Após a nomeação da procuradora, começaram as especulações sobre a linha de atuação da nova integrante do Ministério Público para manter a operação e, ao mesmo tempo, atenuar os petardos que chegam a quem assume esta posição de vidraça. Antes de ser eleita, no entanto, ela já havia assumido alguns compromissos. “Os atuais membros da Força-Tarefa da Lava Jato de Curitiba, Porto Alegre, Rio de Janeiro, São Paulo, Brasília e outras forças-tarefas serão encorajados a permanecer, vez que a composição de cada FT é escolhida pelo promotor natural, titular do ofício, e assim deve continuar”, tratou de esclarecer, em um hot site criado por ela, para fazer campanha por sua eleição ao cargo de procuradora.

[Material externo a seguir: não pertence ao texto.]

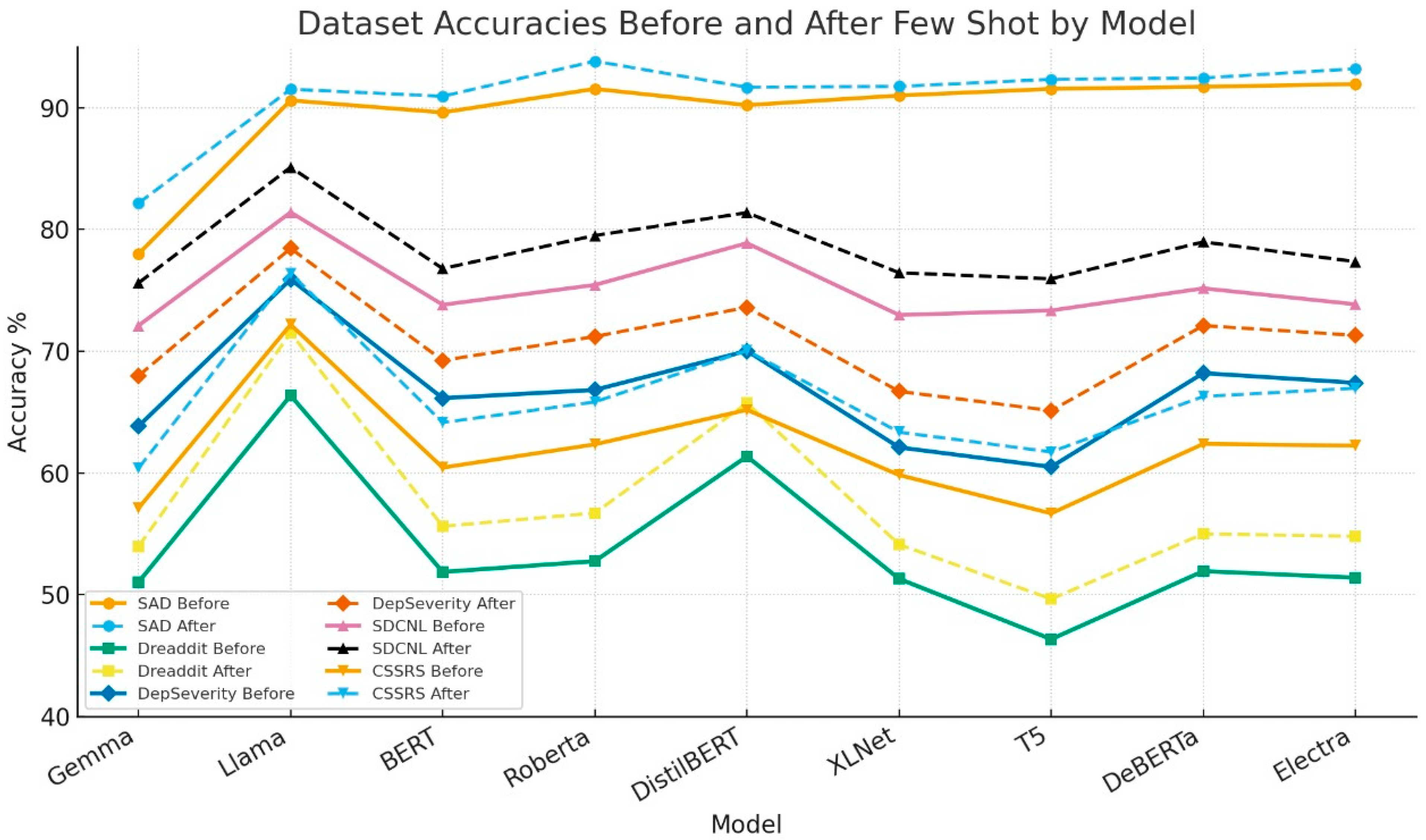 • To evaluate and compare transformer-based models across multiple benchmark stress-related datasets, analyzing accuracy, precision, recall, F1-score, and error rates in both zero-shot and few-shot learning settings.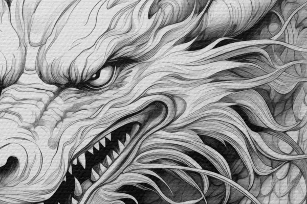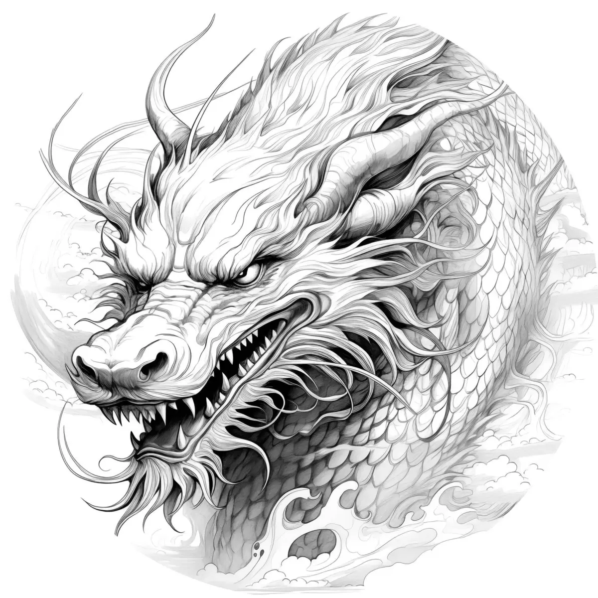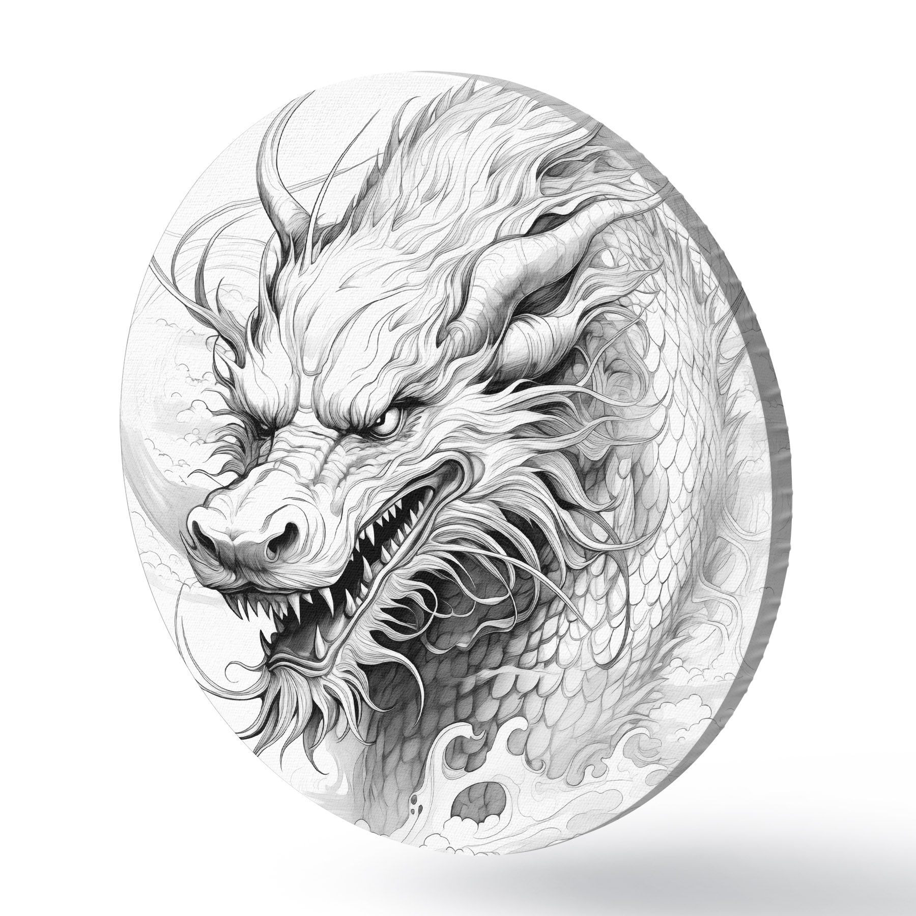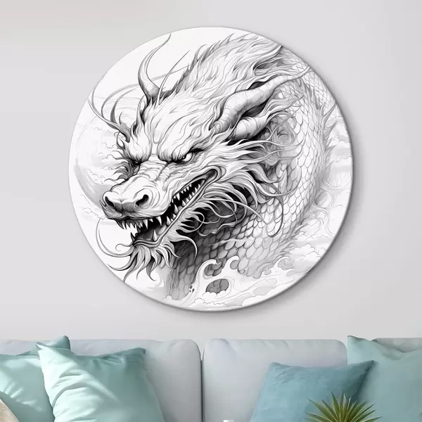 Picturi rotunde Stil chinezesc dragon linie de desen monocrom Nr r39563

Os juristas ouvidos pela reportagem afirmam que no Brasil de hoje não há mais lugar para um “engavetador-geral da República”, apelido pejorativo dado a Geraldo Brindeiro, que ocupou a chefia do Ministério Público Federal nos anos noventa. O rótulo colou pois ele não levava investigações adiante, trancando-as na gaveta. “Alguém nesse perfil será massacrado! A população brasileira está de prontidão”, diz Eliana Calmon. Por outro lado, era preciso evitar alguém com um perfil de “falador-geral”, menção feita por alguns ao atual procurador-geral. “Não é papel do PGR criar esse clima de guerra e enfrentamento com as outras instituições”, diz Ali Mazloum.
André Bezerra, juiz de direito e membro da Associação de Juízes para a Democracia afirma que “a atuação do chefe do MPF reflete a atuação da base”. “Eu espero que, com base nisso, o próximo procurador-geral mantenha esse alinhamento”, diz o magistrado, crítico de alguns dos métodos usados pela Lava Jato com o aval de Janot, como as prisões preventivas por tempo indeterminado e os afastamentos de parlamentares de seu mandato. “Tenho restrições a isso, o Judiciário tirar ou suspender o mandato de parlamentares é algo bastante complicado do ponto de vista democrático”. No final de 2015 Janot pediu o afastamento do então presidente da Câmara, Eduardo Cunha (PMDB-RJ). A solicitação foi aceita pelo STF em maio de 2016.